Do, mild, slow to move, and gentlemanly! Pl, officious to do, and to volunteer, good services! In thee remain, and not in the obscure collection of some wandering bookseller, my "works! My mantle I bequeath among ye. A fortnight has passed since the date of my first communication. At that period I was approaching to tranquillity, but had not reached it.
I boasted of a calm indeed, but it was comparative only. Something of the first flutter was left; an unsettling sense of novelty; the dazzle to weak eyes of unaccustomed light. I missed my old chains, forsooth, as if they had been some necessary part of my apparel. I was a poor Carthusian, from strict cellular discipline suddenly by some revolution returned upon the world.

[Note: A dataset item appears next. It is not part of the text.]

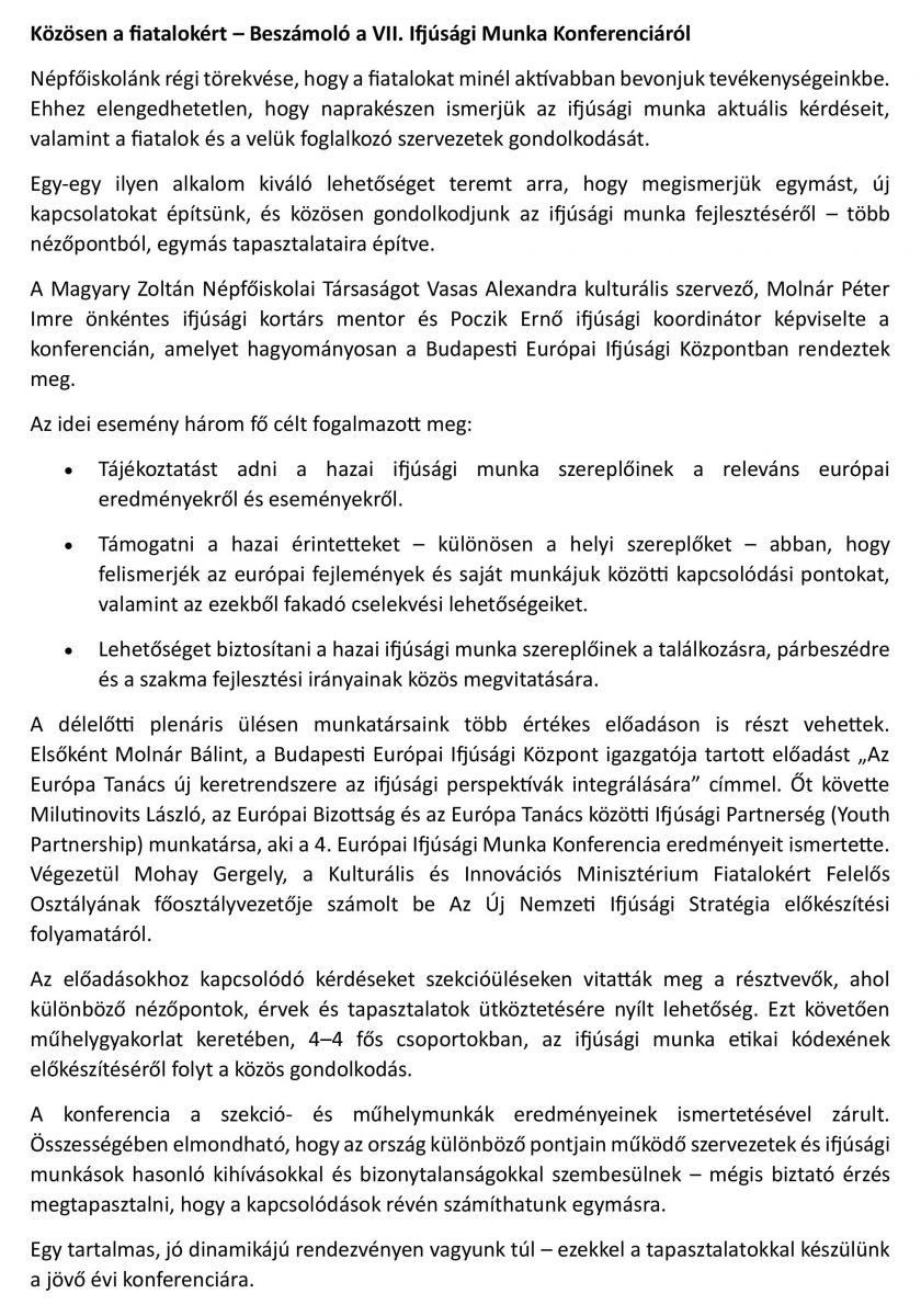 További információért látogassanak el a mezőörsi Magyar Műhely Közhasznú Alapítvány - gr. Széchenyi István Népfőiskola honlapjára.

I am now as if I had never been other than my own master. It is natural to me to go where I please, to do what I please. I digress into Soho, to explore a book-stall. Methinks I have been thirty years a collector. There is nothing strange nor new in it. I find myself before a fine picture in a morning. Was it ever otherwise? What is become of Fish-street Hill?
Where is Fenchurch-street? Stones of old Mincing-lane, which I have worn with my daily pilgrimage for six and thirty years, to the footsteps of what toil-worn clerk are your everlasting flints now vocal?
I indent the gayer flags of Pall Mall. It is Change time, and I am strangely among the Elgin marbles. It was no hyperbole when I ventured to compare the change in my condition to a passing into another world.
CHARLES LAMB SUPERANNUATED MAN PDF
For the first day or two I felt stunned, overwhelmed. I could only apprehend my felicity; I was too confused to taste it sincerely. I wandered about, thinking I was happy, and knowing that I was not. Lamb served as a clerk for long thirty-six years and then retired.
CHARLES LAMB THE SUPERANNUATED MAN PDF
He feared that he would be dismissed from service. A man can never have too much Time to himself, nor too little to do. But clerks of the India House held their posts for more than three and thirty years. Salt was hving in considerable comfort and dignity.
A Critical Analysis of the Superannuated Man by Charles Lamb
For the first day or two I felt stunned, overwhelmed. I could only apprehend my felicity; I was too confused to taste it sincerely. I wandered about, thinking I was happy, and knowing that I was not. Lamb served as a clerk for long thirty-six years and then retired. He, however, had a respite from work on a Sunday every week. Charles Lamb But according to him Sundays were quite unsuitable for true relaxation and enjoyment. Sundays being the days of worship and religious meditation, offered little scope for enjoyment.